Operator precedence and evaluation order


I can't understand output of this program:

#include<iostream>
using namespace std;
int main()
{
    int x = 1 , y = 1, z = 1;
    cout << ( ++x || ++y && ++z ) << endl; //outputs 1;
    cout << x << " " << y << " " << z ;  //x = 2 , y = 1 , z = 1;
    return 0;
}

Output:

1
2 1 1

If || is evaluated first then this output is fine, however this article says that && has a higher precedence than ||, and thus it must be evaluated first. If this is the case then according to me output should be:

1
1 2 2

as ++y && ++z would evaluate to true and thus ++x won't be evaluated.


Solution

  • "Precedence" affects grouping, not order, and means that if there could be any ambiguity regarding which operator an operand "belongs to", the operator with the higher precedence gets first dibs on it.

    Since there are two binary operators involved, there are two ways you can read the expression.
    As trees, these would be:

        and
        /\
       or ++z       [(++x || ++y) && ++z]
      / \
    ++x ++y 
    
    
       or
       /\
    ++x  and       [++x || (++y && ++z)]
         / \
      ++y ++z
    

    The precedence rules determine that the latter tree is chosen in C++, since the middle operand, ++y, is grouped with &&, not with ||.

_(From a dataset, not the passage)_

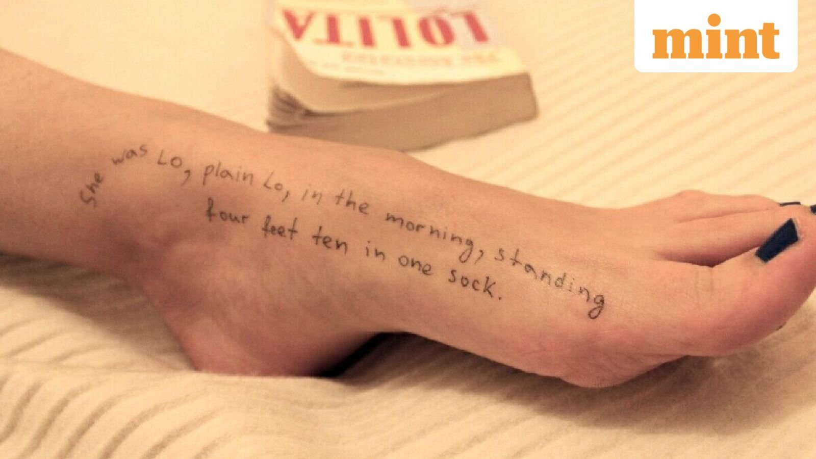 Another image shows a woman’s lower leg and foot on what appears to be a bed, with a paperback copy of Lolita in the background.

    The "short-circuiting" of these operators means that evaluation must start at the leftmost leaf (each operator must first evaluate its left leg, then its right if it needs to).
    Thus, ++x is evaluated first, and || only continues with its right leg if ++x is zero, which it isn't.

    (As can be seen from the wonderful and artistic diagrams, ++x must be evaluated first regardless of the relative precedence of && and ||.)